__YOUR INSTRUCTIONS__
Output the run of lines that opens with the first line of the material below and closes with the line containing "15 października zawitali", both included, and drop the pictures.

__DATA PROVIDED__
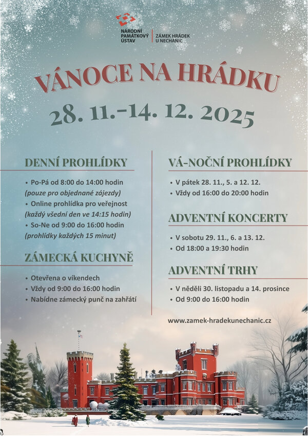Dovolujeme si Vás pozvat na 31. ročník akce Vánoce na Hrádku u Nechanic. Od 28. listopadu do 14. prosince 2025 Vás ve vánočně vyzdobených interiérech seznámíme s historií Vánoc, jejich zvyky a tradicemi.
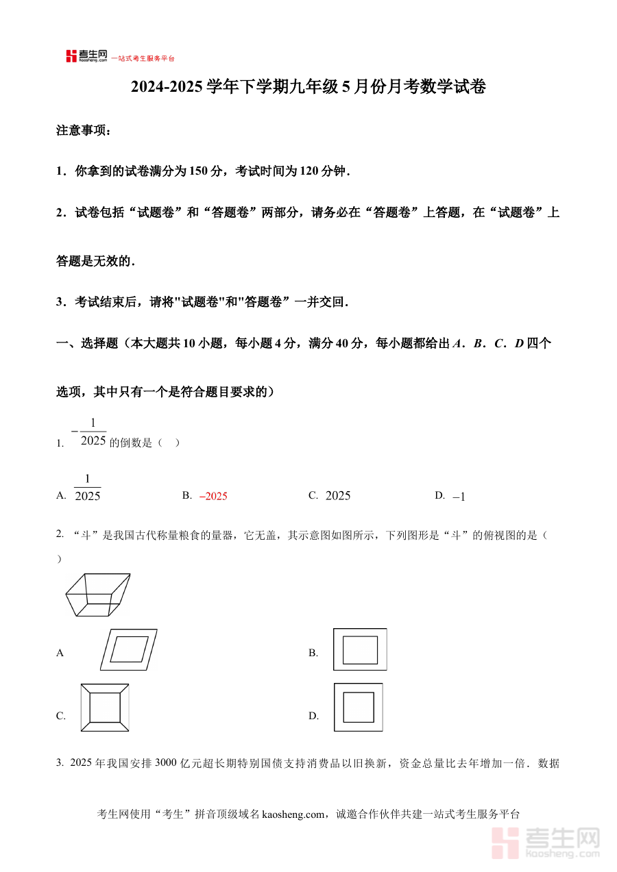 《精品解析:安徽省合肥市瑶海区众望初级中学2024-2025学年下学期九年级5月月考数学试卷(原卷版)》是一份聚焦特定学段与考试场景的数学备考资料,其覆盖年份为2024至2025学年下学期,地域范围指向安徽省合肥市瑶海区众望初级中学,考试类型为九年级5月数学月考的原卷版本。作为该阶段数学学习过程中的重要参考资源,它能够为使用者呈现该次月考的真实试卷结构与形式,帮助师生快速对接考试的具体要求,为后续的复习准备提供直接且贴合实际的依据。
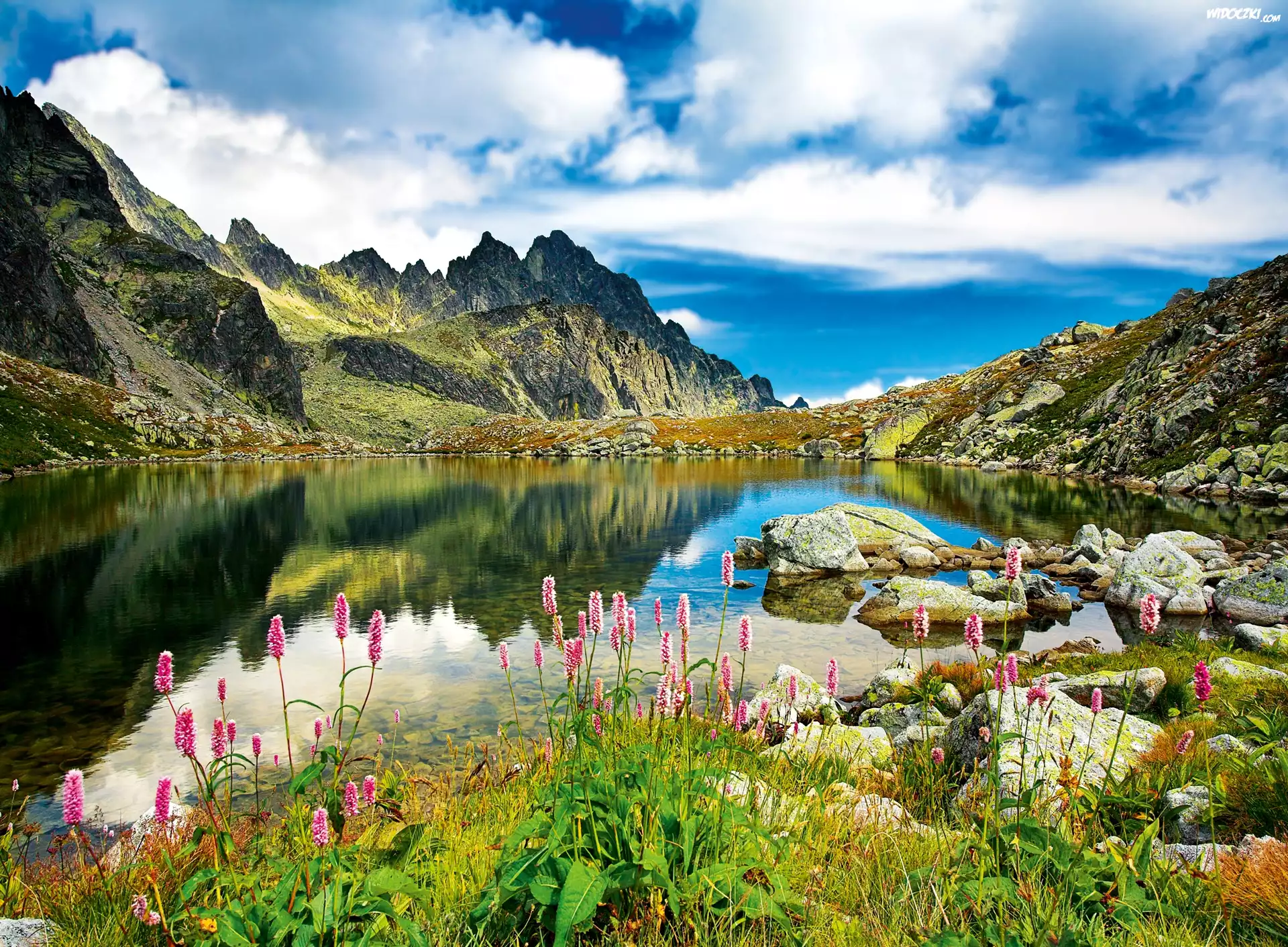Zdjęcia, Jezioro, Góry, Kamienie, Kwiatki
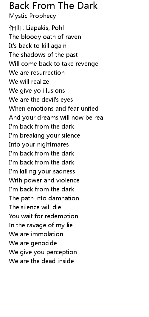 | I' m back from the dark | |
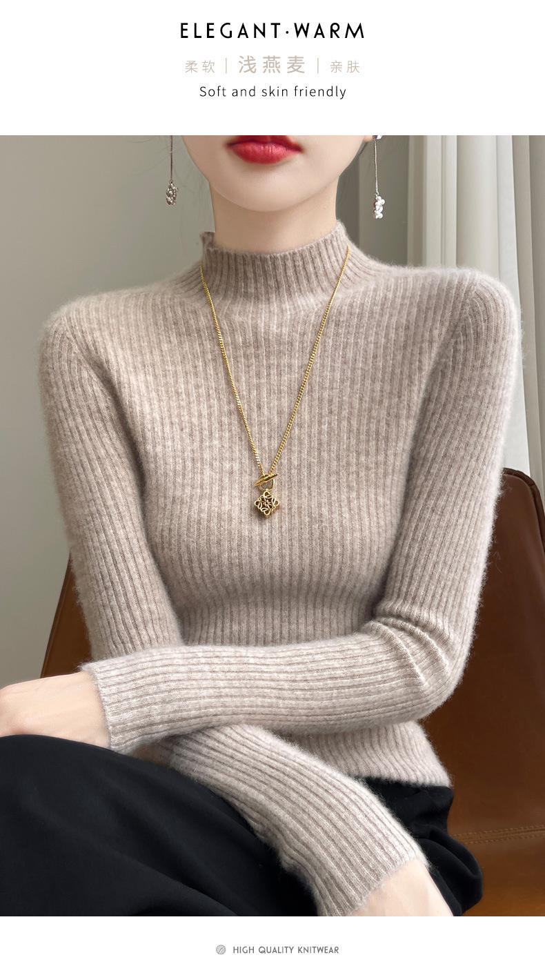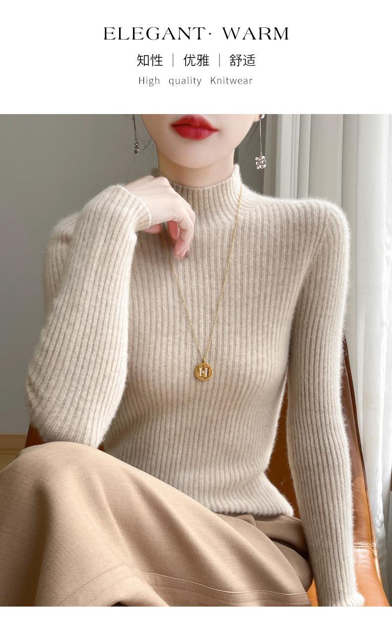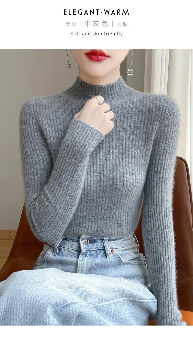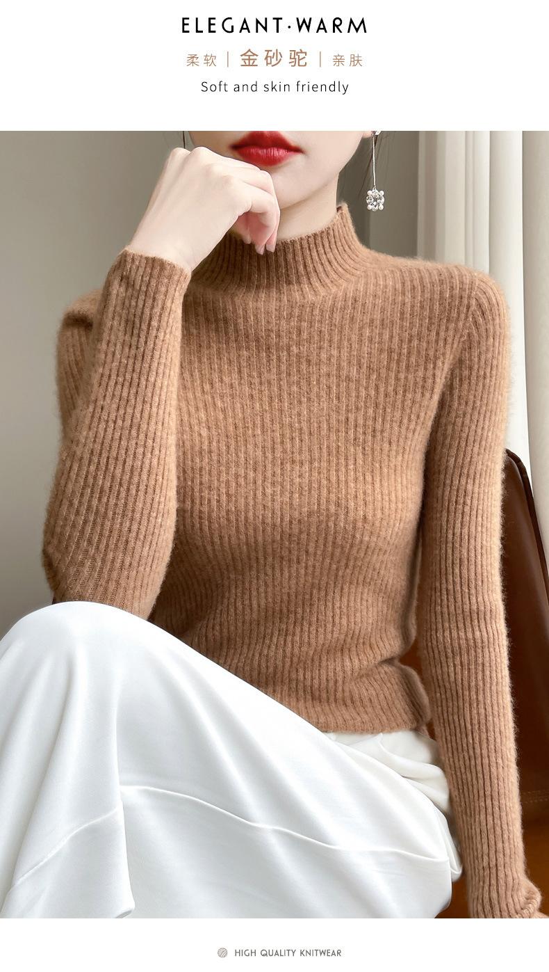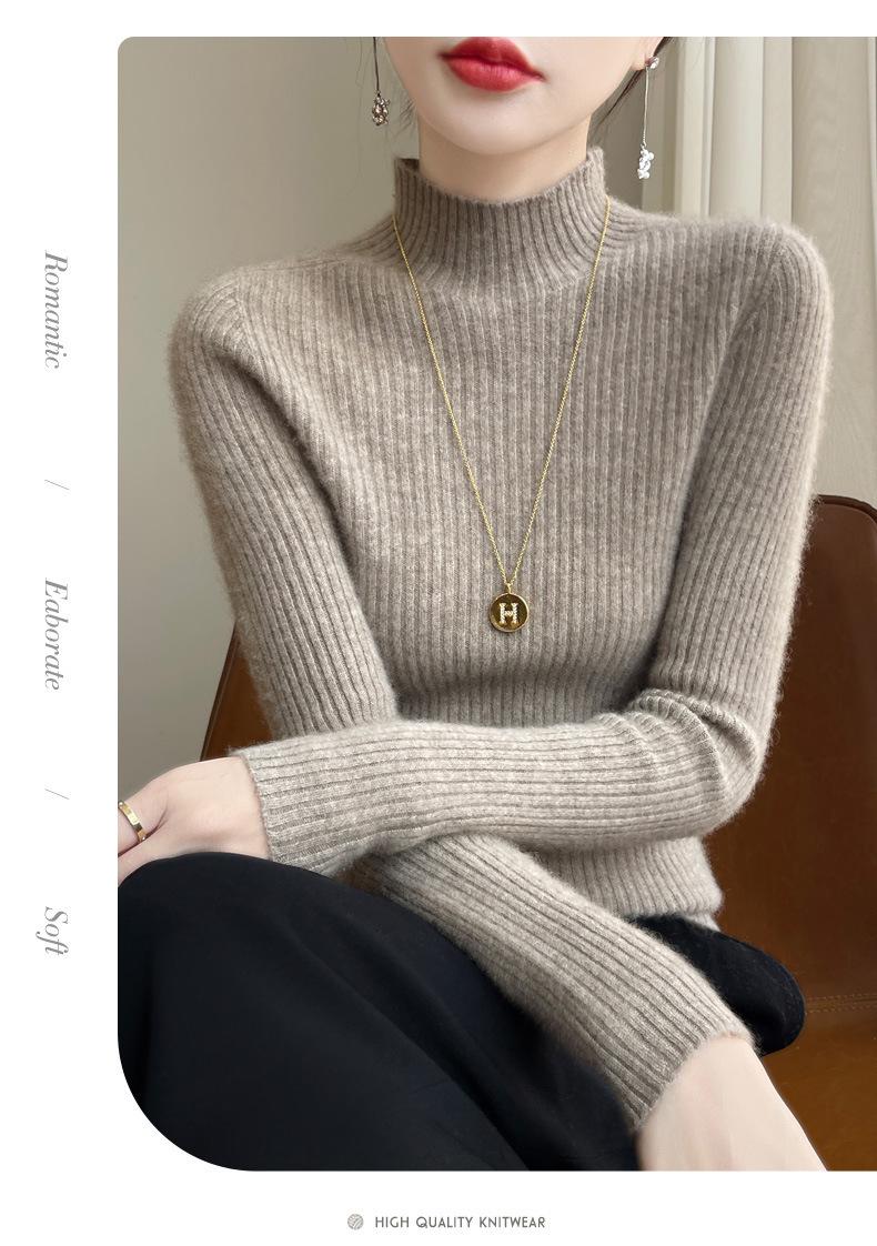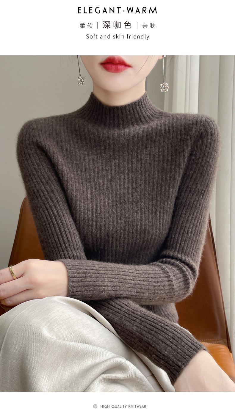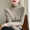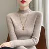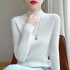 Otoño e Invierno Nueva Llegada Estilista de Ropa de Primera Línea Tejido Cuello Medio Alto Elegante Top Combinable Manga Larga Suéter Holgado Básico para Mujer
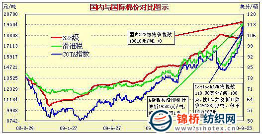 錦橋紡織網(wǎng)—資訊頻道> 棉花信息> cotlook>正文 國內(nèi)外棉價對比圖表(7.30-9.23)
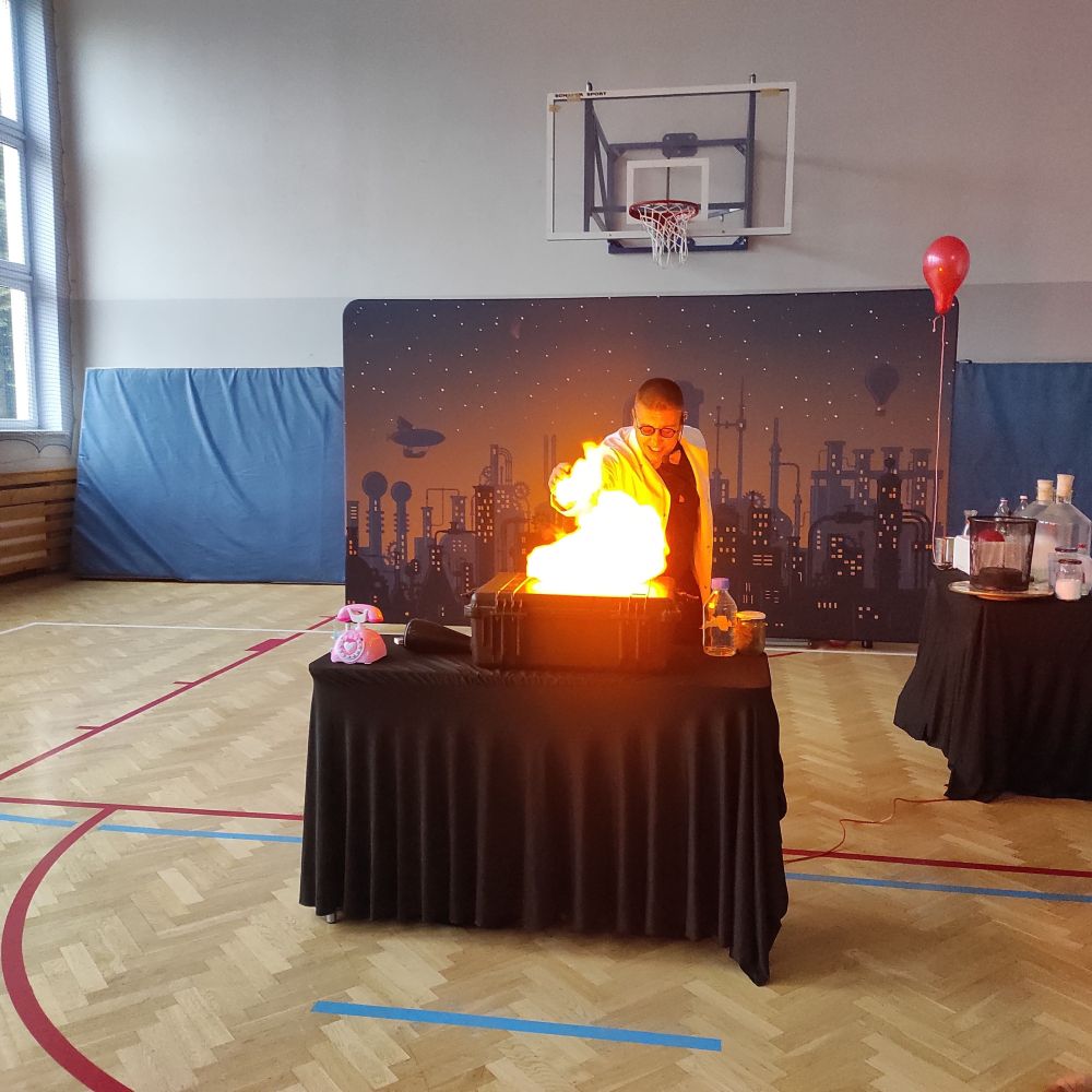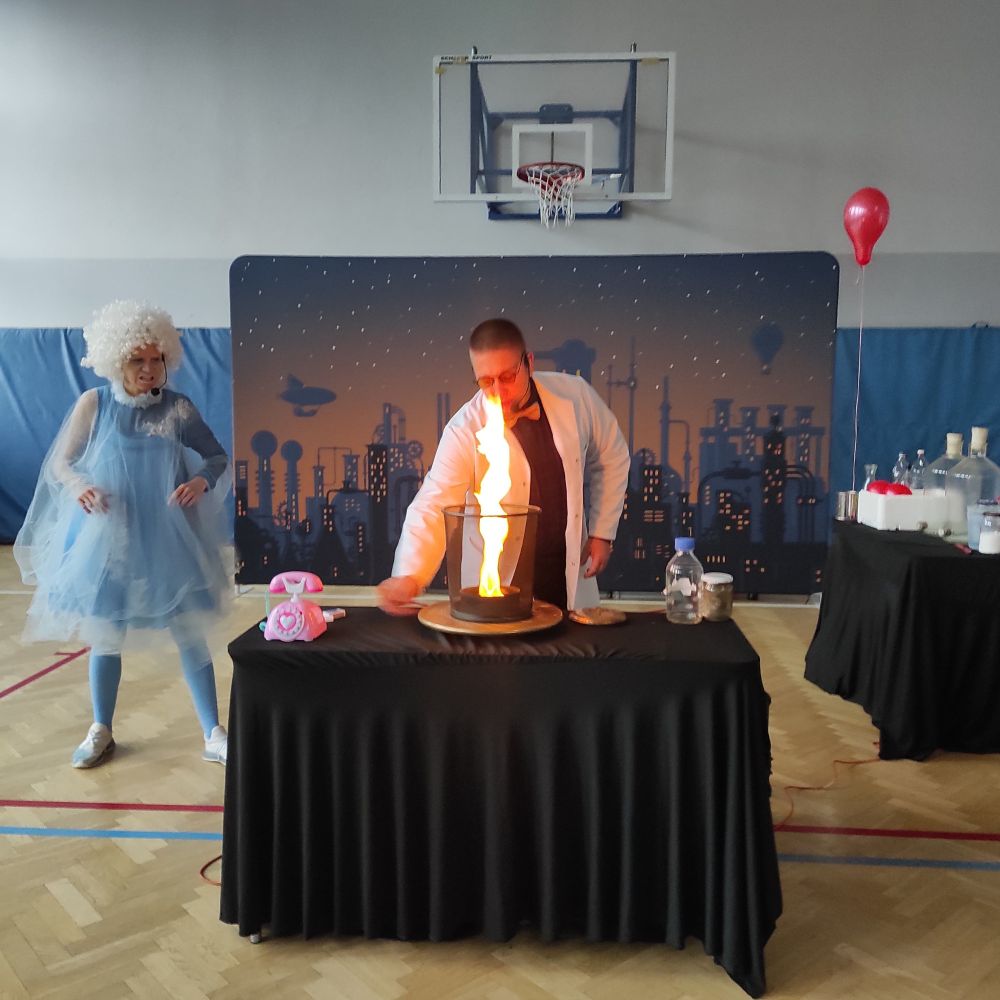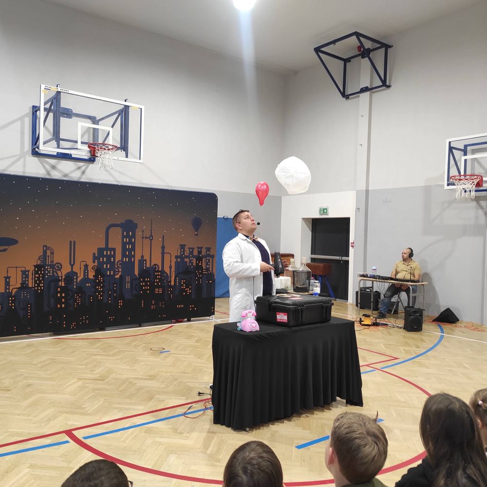 15 października zawitali do nas nietypowi goście.....czyli Profesorek i Chmurka jako mistrzowie energii. W wyjątkowym spektaklu naukowo-edukacyjnym wprowadzili dzieci w świat ekologii, energii i fizycznych eksperymentów. Występujący w spektaklu bohaterowie – Chmurka Cumuluska i Profesorek – poprzez humor, interakcję z dziećmi i spektakularne pokazy naukowe, pomagali uczniom zrozumieć zjawiska fizyczne i chemiczne.
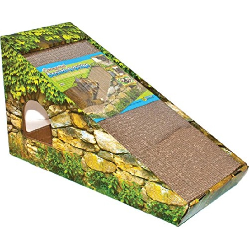 Curious kitties love to scratch the bridge on top and play in the hide-out underneath. Cats will love scratching the slanted corrugated cardboard surface and finding the irresistible crinkle sound toy under the bridge.
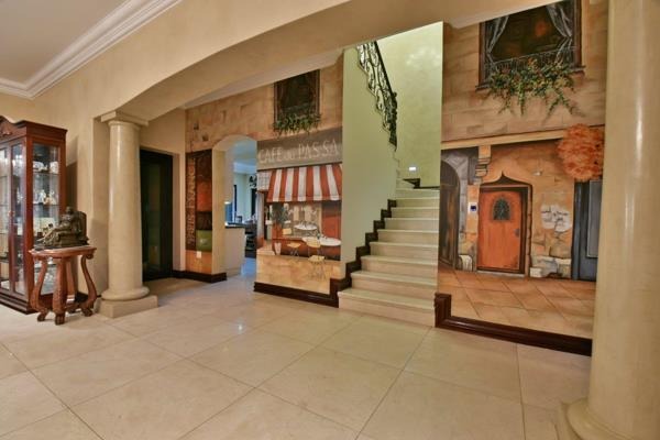 A spectacular double-volume entrance hall welcomes you into the home, where a designer staircase becomes an architectural focal point, leading to five exquisitely appointed bedrooms crafted for comfort and serenity.
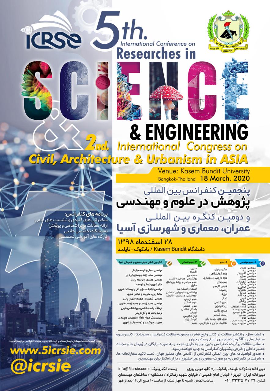 از اين رو برگزاري پنجمين کنفرانس بين المللي پژوهش در علوم و مهندسي و دومين کنگره بين المللي عمران، معماري و شهرسازي آسيا در دانشگاه Kasem Bundit بانکوک در راستاي برگزاري موفق دوره قبلي کنفرانس در اين دانشگاه معتبر کشور تايلند و بازتاب بسيار گسترده آن و با بهره گيري از تجارب گذشته، اساتيد بزرگوار دانشگاه هاي معتبر بانکوک و جهان و نهادهاي علمي پژوهشي فرصتي مناسب جهت تبادل اطلاعات و ارائه ي يافته هاي پژوهشي نوين و گردهم آوردن صاحب نظران، انديشمندان، دانشگاهيان، سياستگزاران و مديران، سازمانهاي ذي ربط و علاقه مند، مهندسين مشاور و متخصصان و علاقه مندان مباحث مهندسي ،علوم و علوم انساني، عمران، معماري و شهرسازي مي باشد. برگزاري اين کنفرانس و کنگره امكان تبادل نظر و ايجاد ارتباط علمي با دانشگاه ها ومراكزتخصصي کشور و جهان درزمينه مفاهيم مشترك علوم، مهندسي، عمران، معماري، شهرسازي و سايرموضوعات مرتبط با محورهاي کنفرانس و کنگره را فراهم مي سازد.
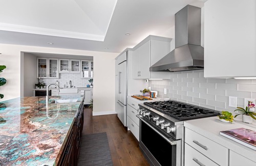 the immaculate kitchen is fully-equipped with everything you need and has high end appliances and special finishes including a paneled refrigerator, large gas stove, two sinks, a coffee bar and a large central island with an impressive amazonite counter-top in tones of the sea

__RESULT FOR THIS EXERCISE__
Dovolujeme si Vás pozvat na 31. ročník akce Vánoce na Hrádku u Nechanic. Od 28. listopadu do 14. prosince 2025 Vás ve vánočně vyzdobených interiérech seznámíme s historií Vánoc, jejich zvyky a tradicemi.
 《精品解析:安徽省合肥市瑶海区众望初级中学2024-2025学年下学期九年级5月月考数学试卷(原卷版)》是一份聚焦特定学段与考试场景的数学备考资料,其覆盖年份为2024至2025学年下学期,地域范围指向安徽省合肥市瑶海区众望初级中学,考试类型为九年级5月数学月考的原卷版本。作为该阶段数学学习过程中的重要参考资源,它能够为使用者呈现该次月考的真实试卷结构与形式,帮助师生快速对接考试的具体要求,为后续的复习准备提供直接且贴合实际的依据。
Zdjęcia, Jezioro, Góry, Kamienie, Kwiatki
 | I' m back from the dark | |
 Otoño e Invierno Nueva Llegada Estilista de Ropa de Primera Línea Tejido Cuello Medio Alto Elegante Top Combinable Manga Larga Suéter Holgado Básico para Mujer
 錦橋紡織網(wǎng)—資訊頻道> 棉花信息> cotlook>正文 國內(nèi)外棉價對比圖表(7.30-9.23)
 15 października zawitali do nas nietypowi goście.....czyli Profesorek i Chmurka jako mistrzowie energii. W wyjątkowym spektaklu naukowo-edukacyjnym wprowadzili dzieci w świat ekologii, energii i fizycznych eksperymentów. Występujący w spektaklu bohaterowie – Chmurka Cumuluska i Profesorek – poprzez humor, interakcję z dziećmi i spektakularne pokazy naukowe, pomagali uczniom zrozumieć zjawiska fizyczne i chemiczne.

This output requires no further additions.